Stored data entries
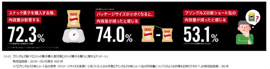 昨今、物価や原材料価格の大幅な上昇、並びに資材費やエネルギーコストなどの高騰に伴い、スナック菓子の商品改定が行われています。そこでプリングルズが行った「【スナック菓子購入者対象】スナック菓子の購入に関するアンケート」(※1)によると、スナック菓子を購入する際、内容量が「とても影響する」もしくは「まあ影響する」と回答した人は、全体の72.3%を占め、「今まで購入していたスナック菓子のパッケージサイズが小さくなった場合、内容量が減ったと感じる」と回答した人は、全体の74.0%もいることが判明しました。このことから、パッケージサイズが購入意向に大きく影響を与えることが分かりました。そんな中、プリングルズの新ショート缶のパッケージサイズの変更に気づいた人に対して、内容量の印象を聞きました。すると内容量はそのままにもかかわらず「内容量が減ったと感じる」と回答した人が53.1%と、約半数以上の人が内容量について減ったと感じるという結果になりました。
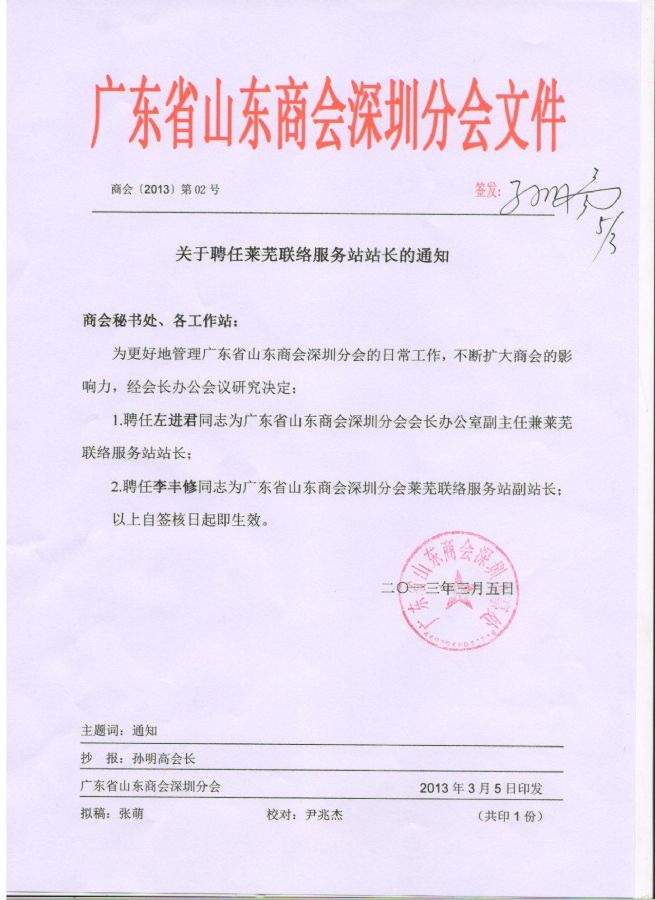 关于聘任莱芜联络服务站站长的通知
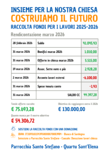 Ogni prima domenica del mese, raccogliamo offerte destinate agli interventi di ristrutturazione e miglioramento della chiesa. È un gesto concreto di cura e responsabilità per la nostra casa comune.
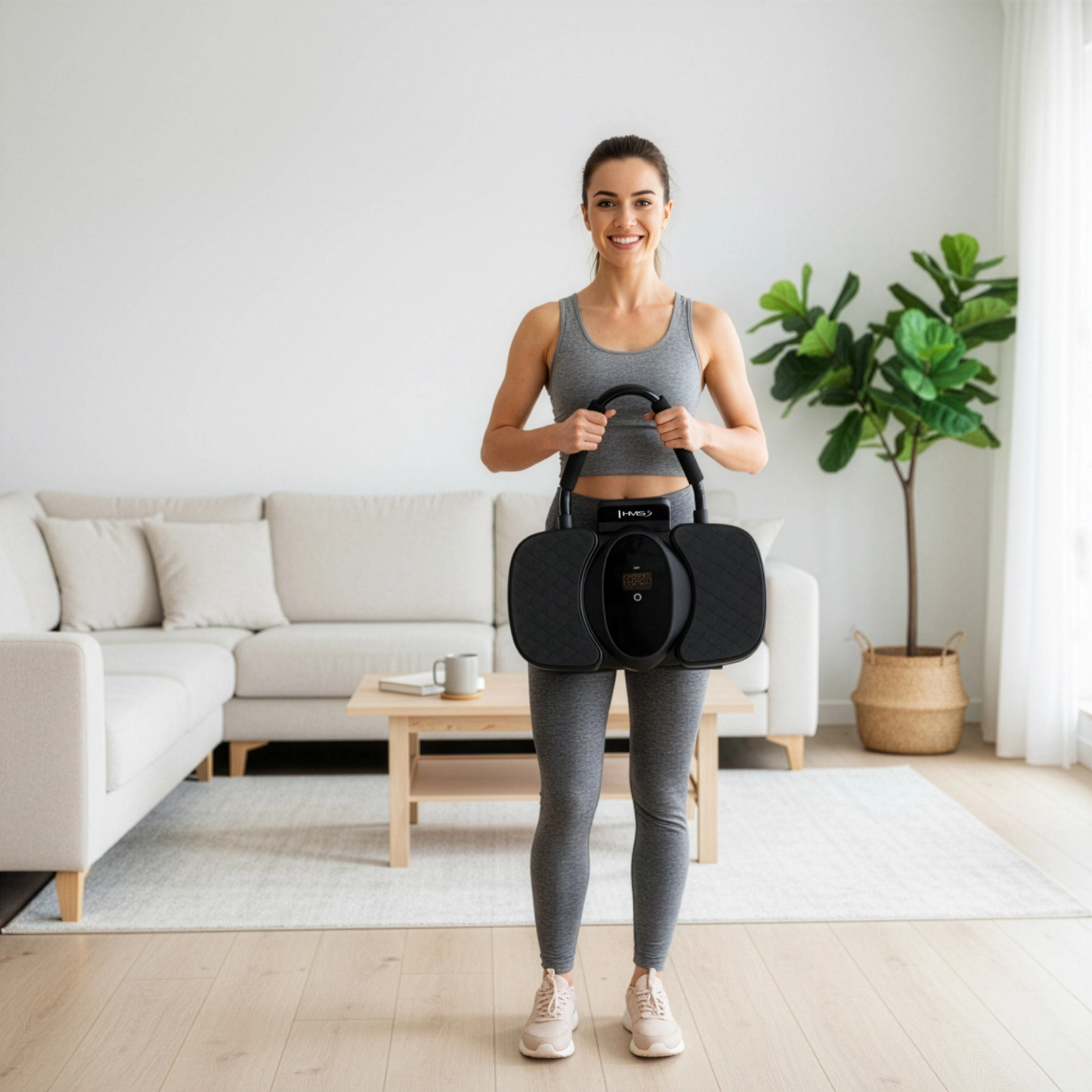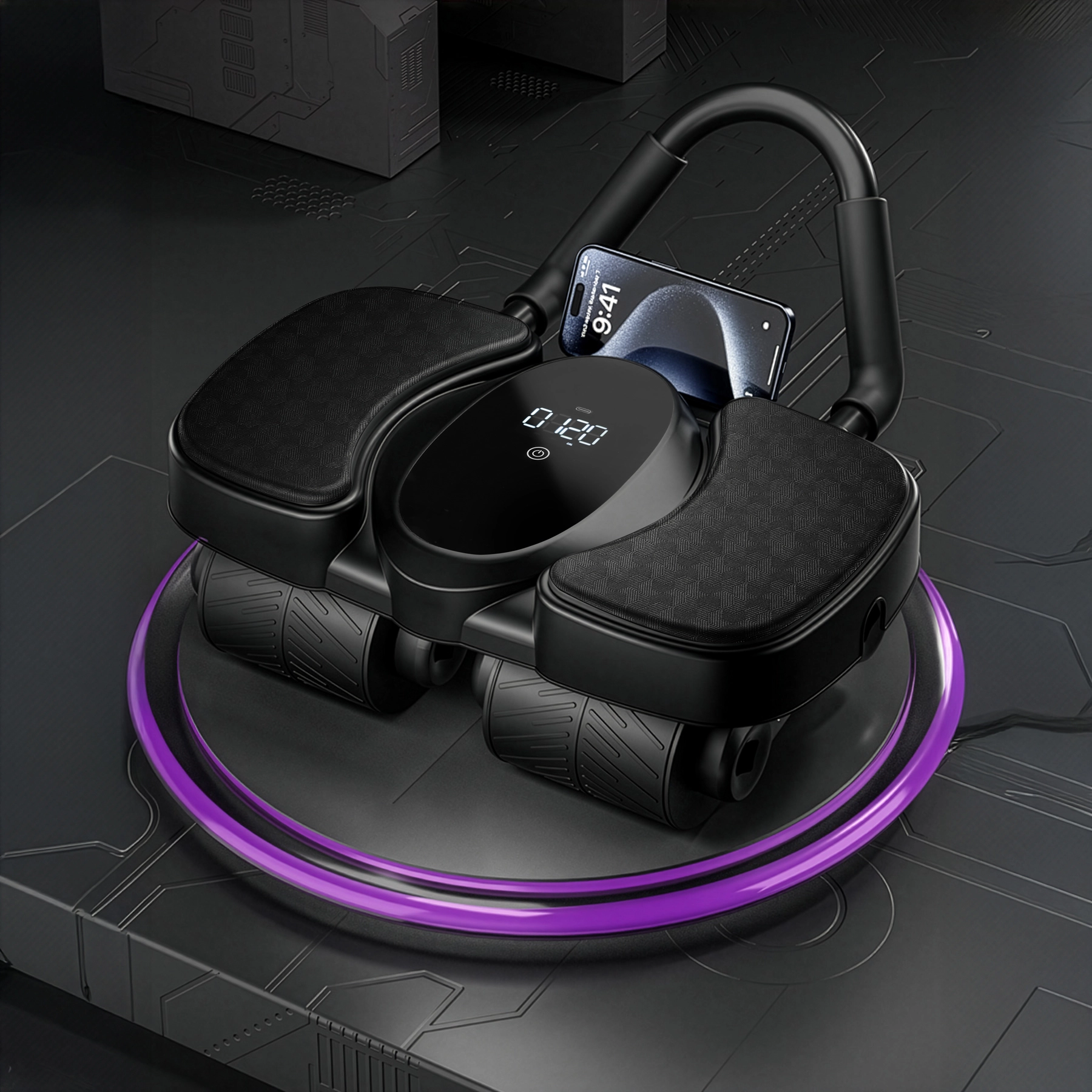Pour un entraînement confortable, on retrouve de larges repose-coudes et un tapis de genoux doux. L’écran LCD affiche clairement le temps, les calories et le nombre de répétitions, tandis que le support de téléphone permet de suivre des plans d’entraînement ou des vidéos. Grâce au montage rapide par clips, il est prêt à l’emploi en un instant et l’USB‑C assure une recharge facile.
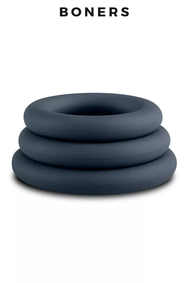 The brand Boners presents the "Cock ring set", a set of 3 classic cockrings of different diameters at the same time soft, stretchable and comfortable to wear, thanks to their extra soft silicone material.

■ Exercise aim:
Repeat every entry above exactly as written and omit any pictures it holds.

■ Exercise result:
 昨今、物価や原材料価格の大幅な上昇、並びに資材費やエネルギーコストなどの高騰に伴い、スナック菓子の商品改定が行われています。そこでプリングルズが行った「【スナック菓子購入者対象】スナック菓子の購入に関するアンケート」(※1)によると、スナック菓子を購入する際、内容量が「とても影響する」もしくは「まあ影響する」と回答した人は、全体の72.3%を占め、「今まで購入していたスナック菓子のパッケージサイズが小さくなった場合、内容量が減ったと感じる」と回答した人は、全体の74.0%もいることが判明しました。このことから、パッケージサイズが購入意向に大きく影響を与えることが分かりました。そんな中、プリングルズの新ショート缶のパッケージサイズの変更に気づいた人に対して、内容量の印象を聞きました。すると内容量はそのままにもかかわらず「内容量が減ったと感じる」と回答した人が53.1%と、約半数以上の人が内容量について減ったと感じるという結果になりました。
 关于聘任莱芜联络服务站站长的通知
 Ogni prima domenica del mese, raccogliamo offerte destinate agli interventi di ristrutturazione e miglioramento della chiesa. È un gesto concreto di cura e responsabilità per la nostra casa comune.
Pour un entraînement confortable, on retrouve de larges repose-coudes et un tapis de genoux doux. L’écran LCD affiche clairement le temps, les calories et le nombre de répétitions, tandis que le support de téléphone permet de suivre des plans d’entraînement ou des vidéos. Grâce au montage rapide par clips, il est prêt à l’emploi en un instant et l’USB‑C assure une recharge facile.
 The brand Boners presents the "Cock ring set", a set of 3 classic cockrings of different diameters at the same time soft, stretchable and comfortable to wear, thanks to their extra soft silicone material.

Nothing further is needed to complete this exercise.